■ **Records for this task**:
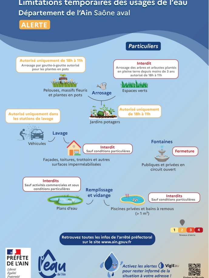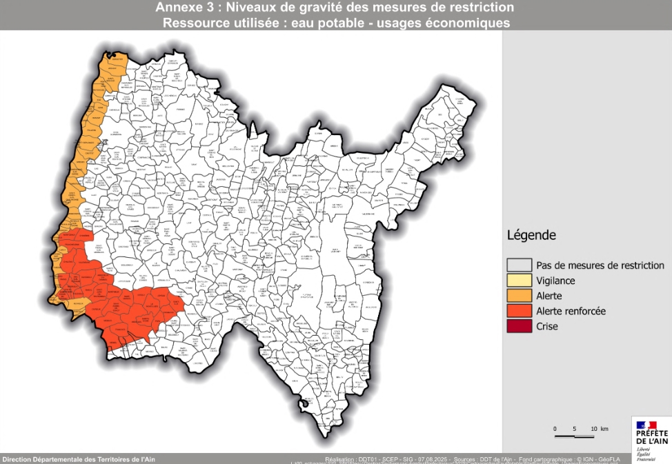 Dans un tel contexte, à l’issue d’une consultation écrite des membres du comité départemental restreint dédié à la gestion conjoncturelle de la sécheresse organisée du 5 au 7 août 2025, Virginie Guérin-Robinet, secrétaire générale de la préfecture de l’Ain, a décidé de :
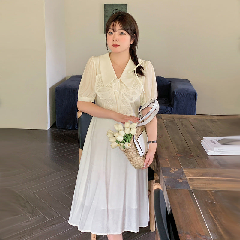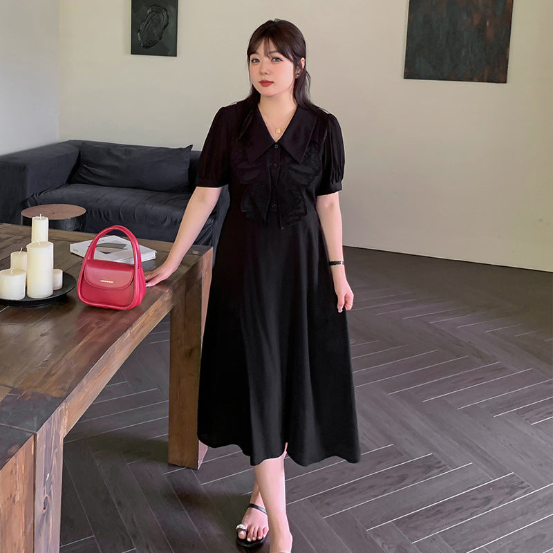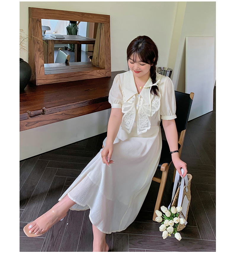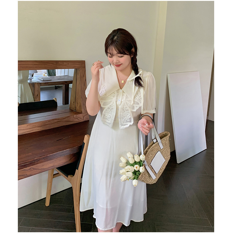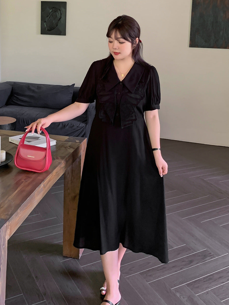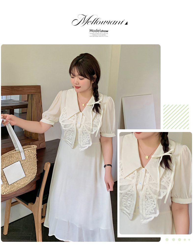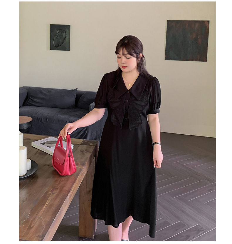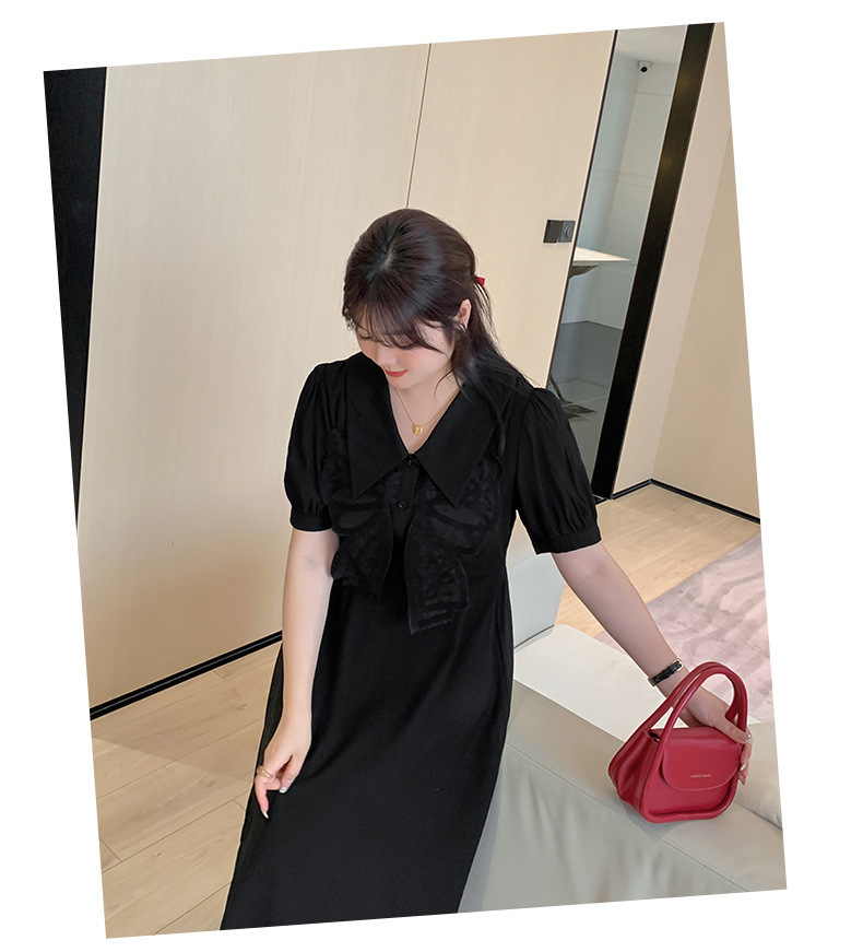 大きいサイズ レディース ワイドカラーフロントリボンワンピース LL 3L 4L 5L
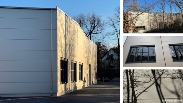 This groundbreaking pigment technology, honored with the Bavarian Innovation Award 2022, was previously utilized for the Technical Building 101 at the Barnsdorf site (colored façade in picture below). For this project, the “Franconian Pine Bark” color was selected, blending harmoniously with the surrounding forest and reflecting Schlenk SE’s commitment to sustainability.
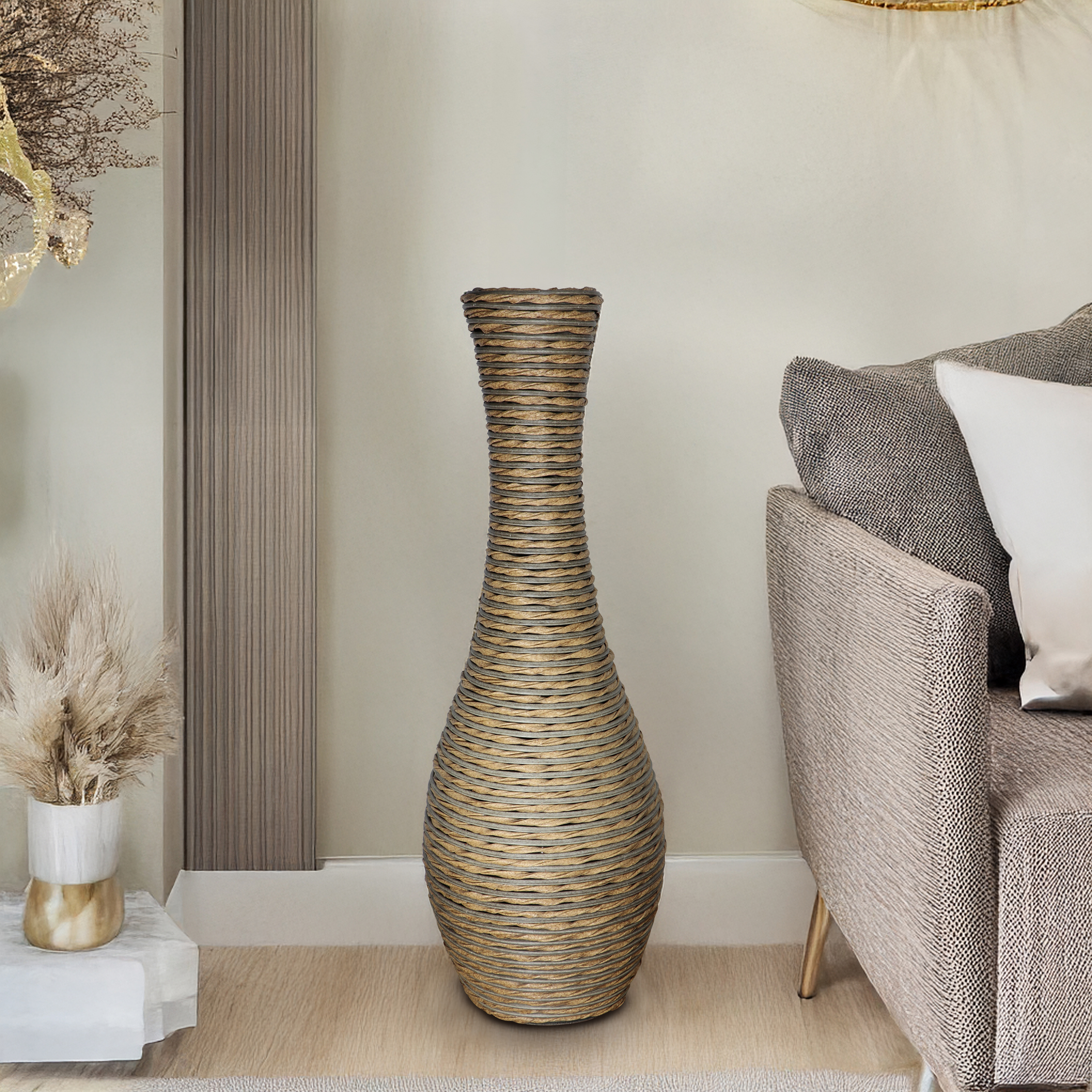 Vazo dekorative e gjatë për dysheme me dizajn elegant dhe teksturë spirale që i jep thellësi dhe karakter çdo ambienti. Forma e saj e ngushtë në qafë dhe e rrumbullakosur në pjesën e poshtme krijon një siluetë të balancuar dhe shumë estetike.
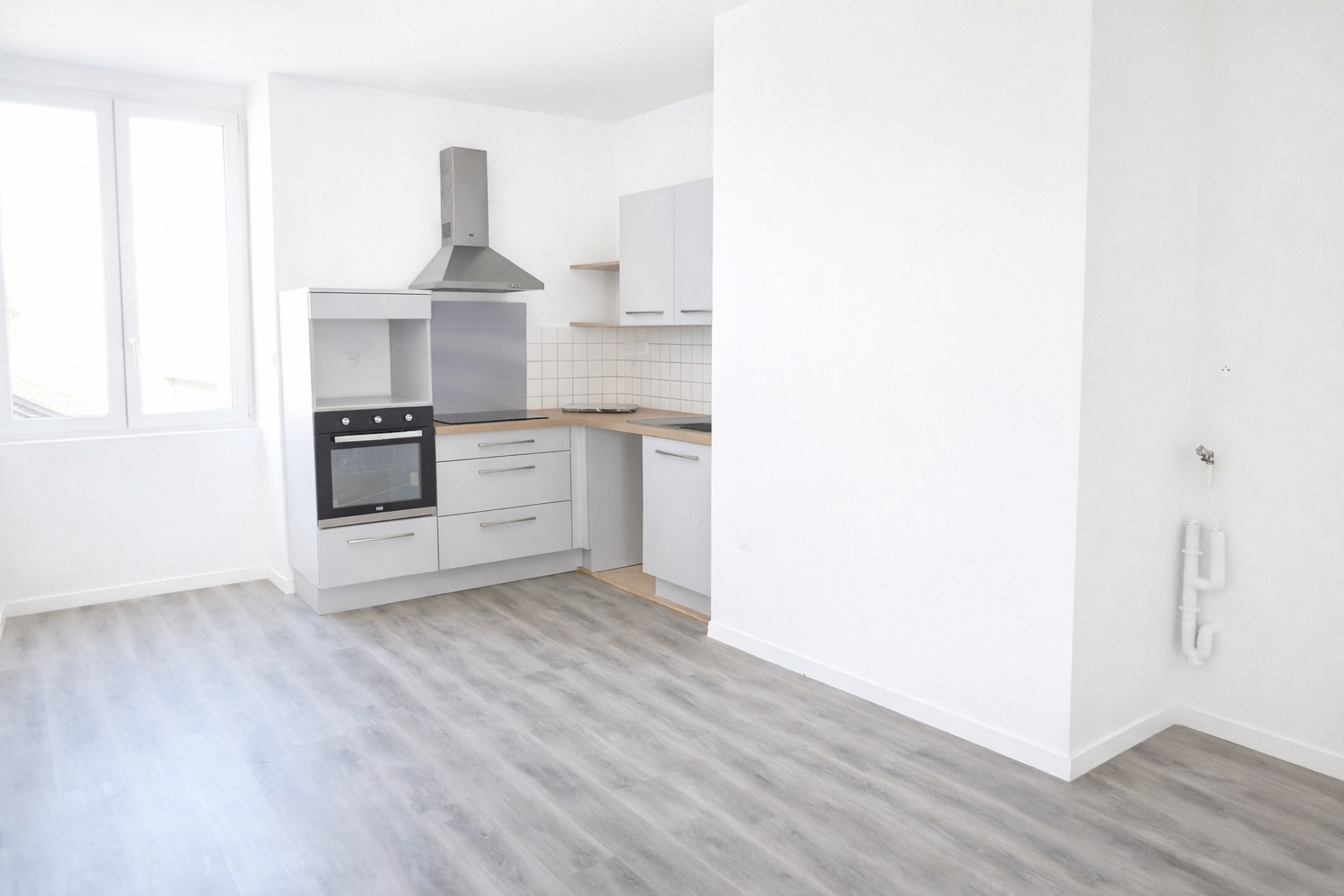 Appartement comprenant: une petite entrée, un séjour ouvert sur la cuisine équipée de plaques vitro et d'une hotte, une chambre, salle d'eau, wc séparés.
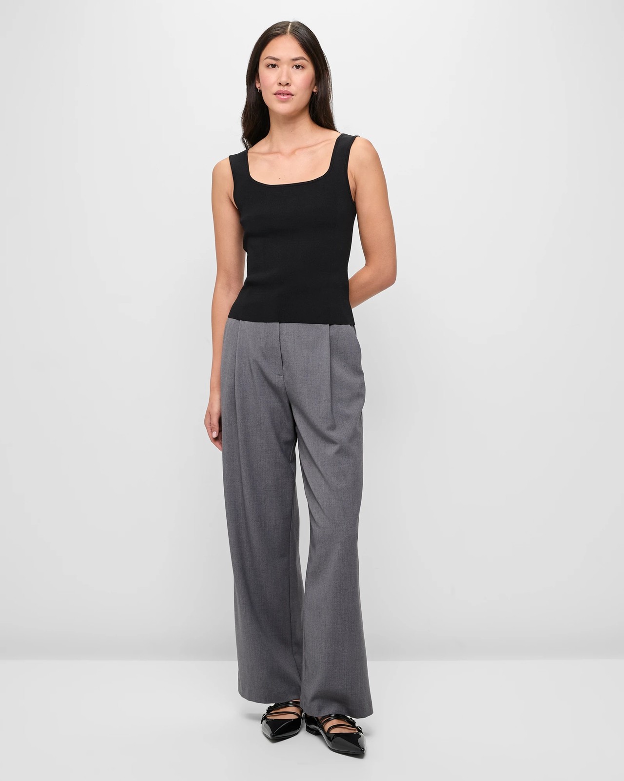 Front pleats down from waistband
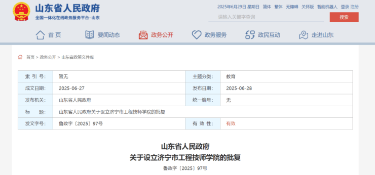 6月28日,山东省人民政府网站发布关于设立济宁市工程技师学院的批复,全文如下:
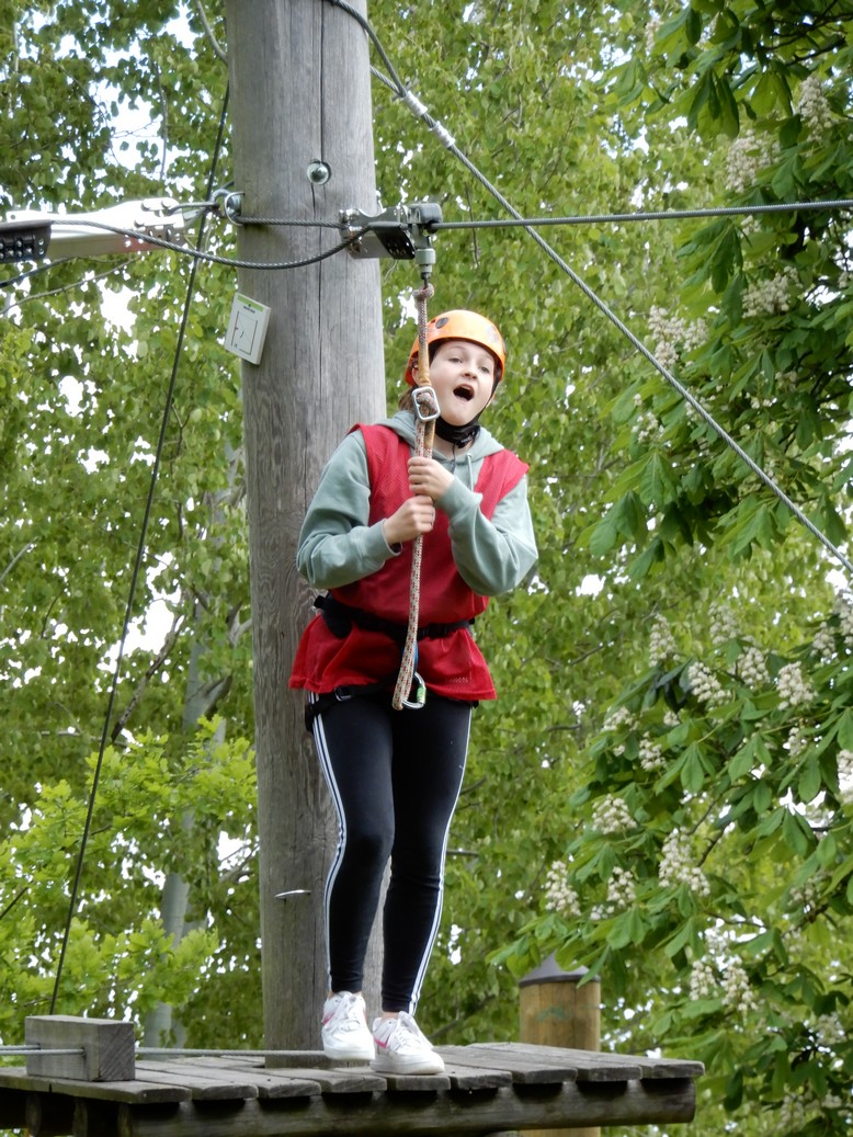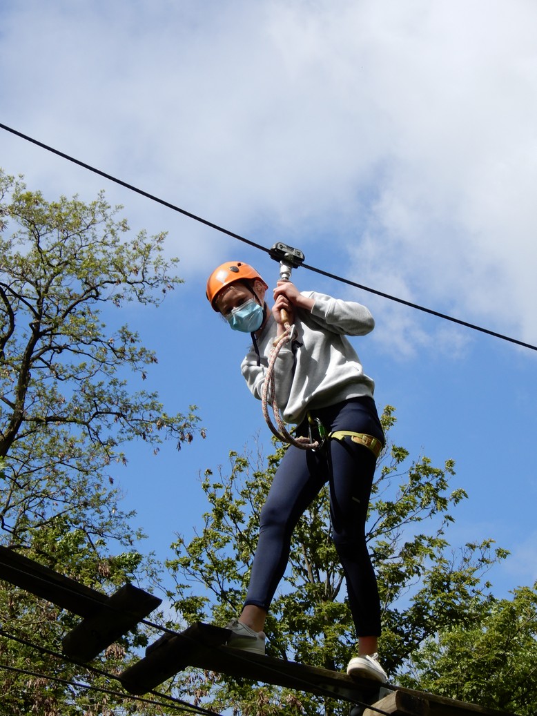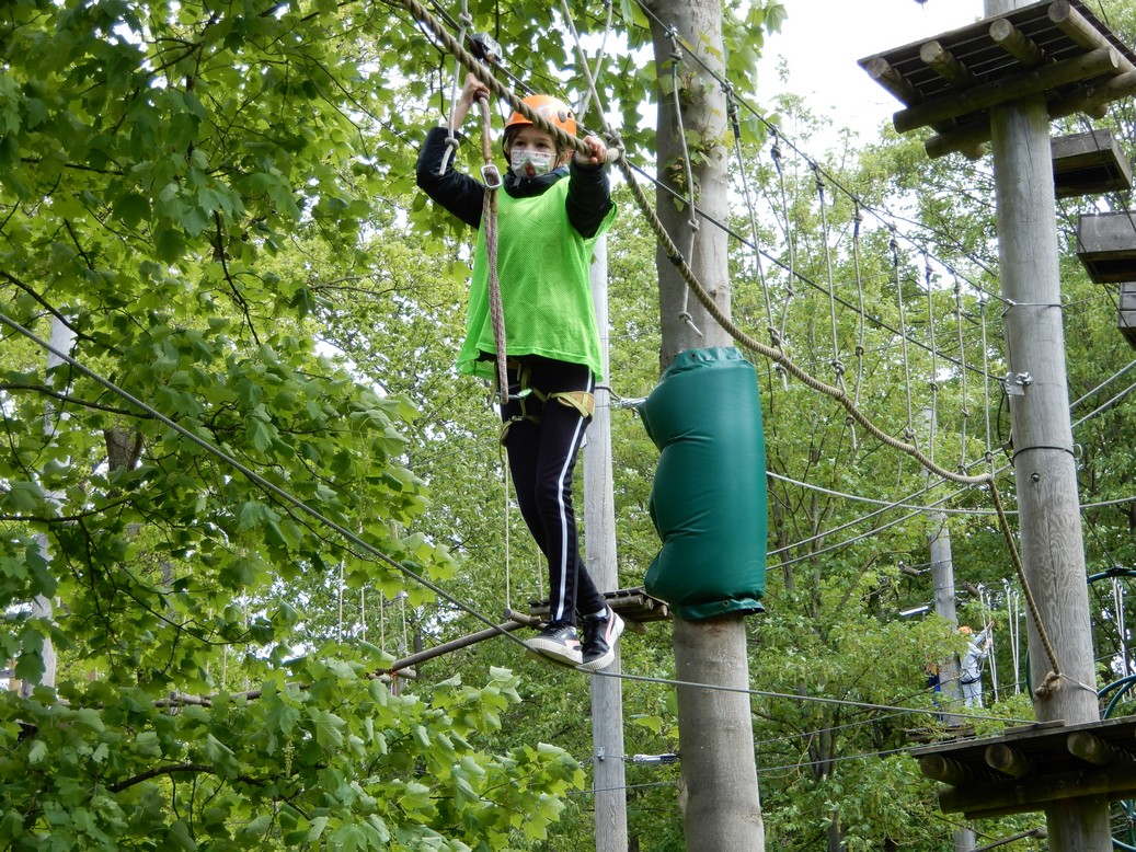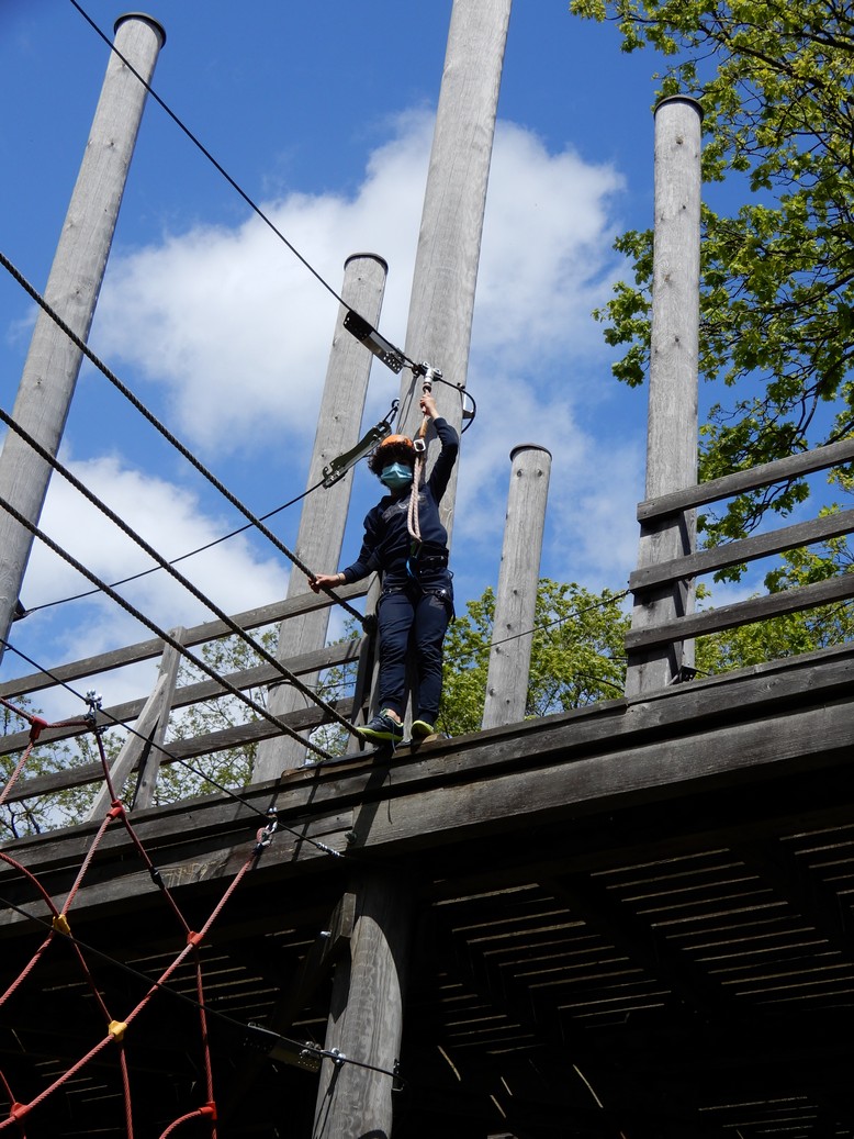 Alle leerlingen gingen op het hoogtouwenparcours. Daarnaast was er ook een activiteit op het water: kajak, zeilen met een optimistje of surfen. Het weer viel mee en iedereen genoot ervan weer eens op uitstap te kunnen. Het was een topdag!

■ **Directions**: Omitting the images, copy the listing exactly.

■ **Your response**:
 Dans un tel contexte, à l’issue d’une consultation écrite des membres du comité départemental restreint dédié à la gestion conjoncturelle de la sécheresse organisée du 5 au 7 août 2025, Virginie Guérin-Robinet, secrétaire générale de la préfecture de l’Ain, a décidé de :
 大きいサイズ レディース ワイドカラーフロントリボンワンピース LL 3L 4L 5L
 This groundbreaking pigment technology, honored with the Bavarian Innovation Award 2022, was previously utilized for the Technical Building 101 at the Barnsdorf site (colored façade in picture below). For this project, the “Franconian Pine Bark” color was selected, blending harmoniously with the surrounding forest and reflecting Schlenk SE’s commitment to sustainability.
 Vazo dekorative e gjatë për dysheme me dizajn elegant dhe teksturë spirale që i jep thellësi dhe karakter çdo ambienti. Forma e saj e ngushtë në qafë dhe e rrumbullakosur në pjesën e poshtme krijon një siluetë të balancuar dhe shumë estetike.
 Appartement comprenant: une petite entrée, un séjour ouvert sur la cuisine équipée de plaques vitro et d'une hotte, une chambre, salle d'eau, wc séparés.
 Front pleats down from waistband
 6月28日,山东省人民政府网站发布关于设立济宁市工程技师学院的批复,全文如下:
 Alle leerlingen gingen op het hoogtouwenparcours. Daarnaast was er ook een activiteit op het water: kajak, zeilen met een optimistje of surfen. Het weer viel mee en iedereen genoot ervan weer eens op uitstap te kunnen. Het was een topdag!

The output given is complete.